Amyotrophic Lateral Sclerosis (ALS) is a rapidly progressing neurodegenerative disease whereby 50% of cases die within 3 years. Diagnosis involves a clinical examination with a questionnaire-based scale (ALSFRS-R) and a nerve conduction test. The process from symptom presentation to diagnosis can take an average of 12 months and there is a critical need for an objective and economical test to detect ALS.
We have initiated an innovative project, together with collaborators at the University of California, San Francisco (USA, CI: Zaitlen) to investigate cell-free DNA (cfDNA) in ALS. CfDNA is DNA that enters the bloodstream when cells die. It can be measured economically and is being actively used in the prenatal diagnostic and cancer fields to provide direction about treatment and health. Recent work has now demonstrated that cfDNA (detectable when there is cell death) can be mapped back to its tissue-of-origin that is relevant to known disease processes. In preliminary studies, we have found that ALS cases have greater amounts of cfDNA than controls to suggest an increase in cell death is occurring. Now we propose to collect ALS disease mimics and carry out qualitative analysis to help identify an ALS specific cfDNA profile. We hypothesize that the sequencing of cfDNA in ALS cases and controls will show a distinct profile such as neuron and muscle cell death, and this signal could address the ALS biomarker dilemma that currently exists.
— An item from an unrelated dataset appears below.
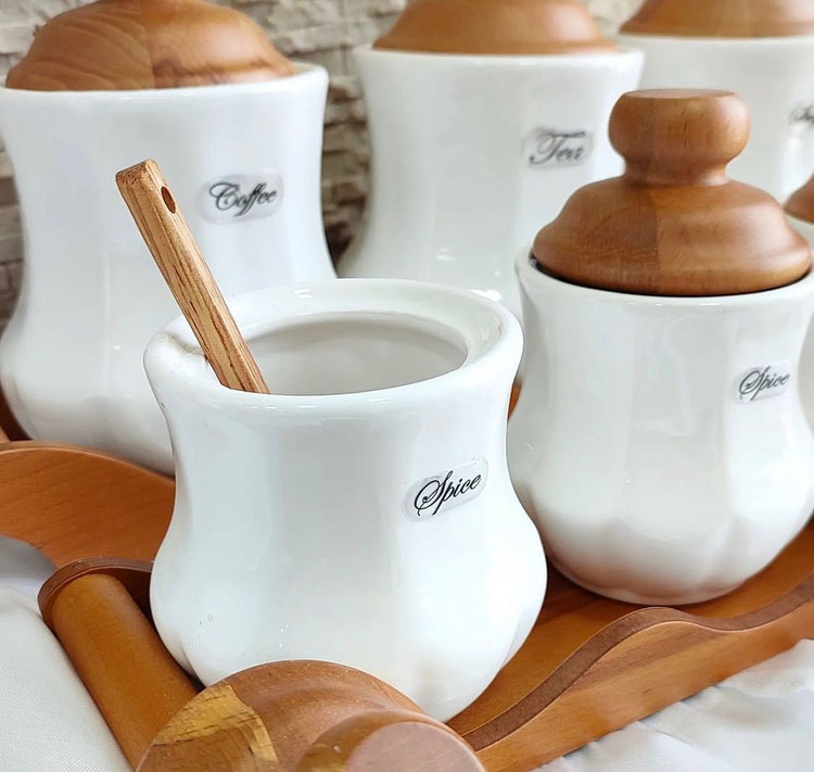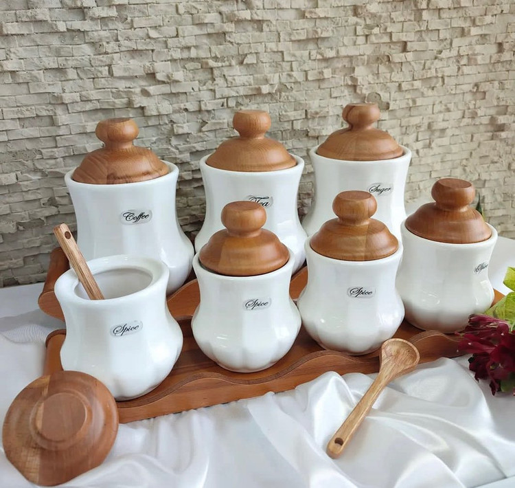 بدنهی بانکهها از سرامیک مرغوب ساخته شده که در برابر لکه و بو مقاوم است و درب چوبی آن باعث حفظ عطر و تازگی مواد داخل میشود. طراحی کلاسیک و رنگ گرم چوب با هر نوع دکور آشپزخانه هماهنگ بوده و فضای شما را لوکستر نشان میدهد.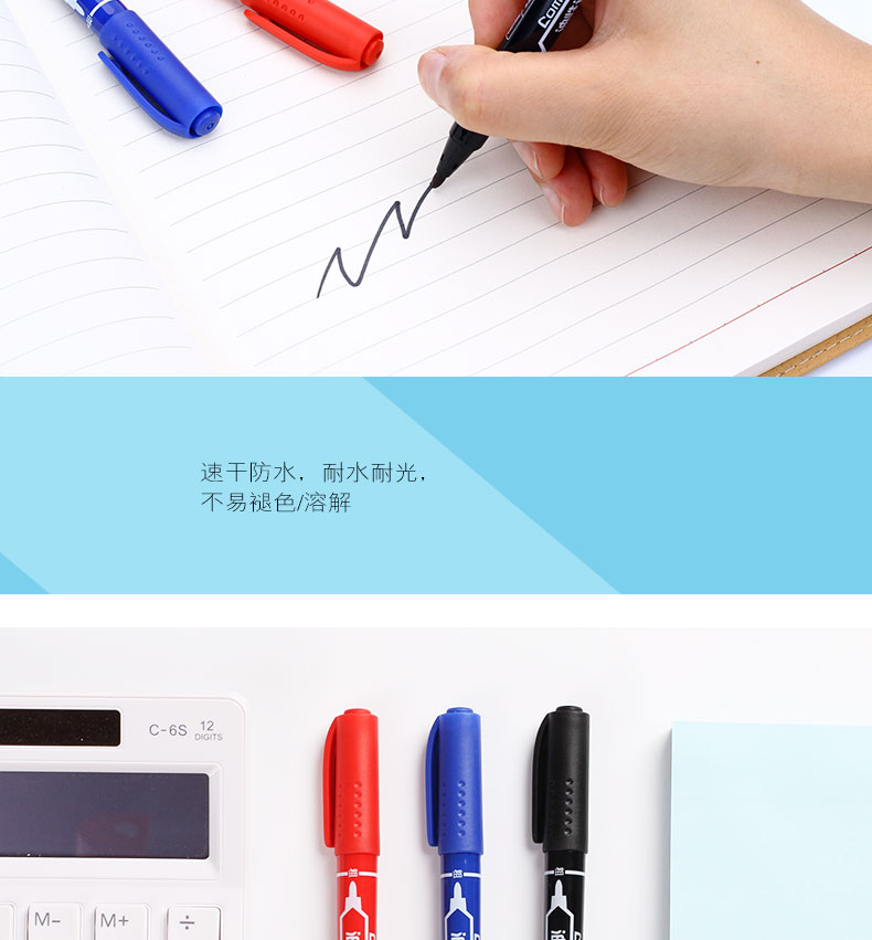 • 商品名称:齐心(COMIX)MK804 小双头油性记号笔 0.5mm和2.0mm 12支/盒 蓝色

Our primary objective is to translate this research into a clinical tool for diagnosis and tracking in ALS. Our project proposal will allow us to continue to test if cfDNA is viable and robust to detect ALS in a larger number of individuals. Identifying if cfDNA is correlated with the primary mechanism of disease and disease progression could offer a minimally invasive, efficient and economical means for diagnosis, disease monitoring, and assessment of response to therapeutic treatment – none of which currently exist for ALS patients.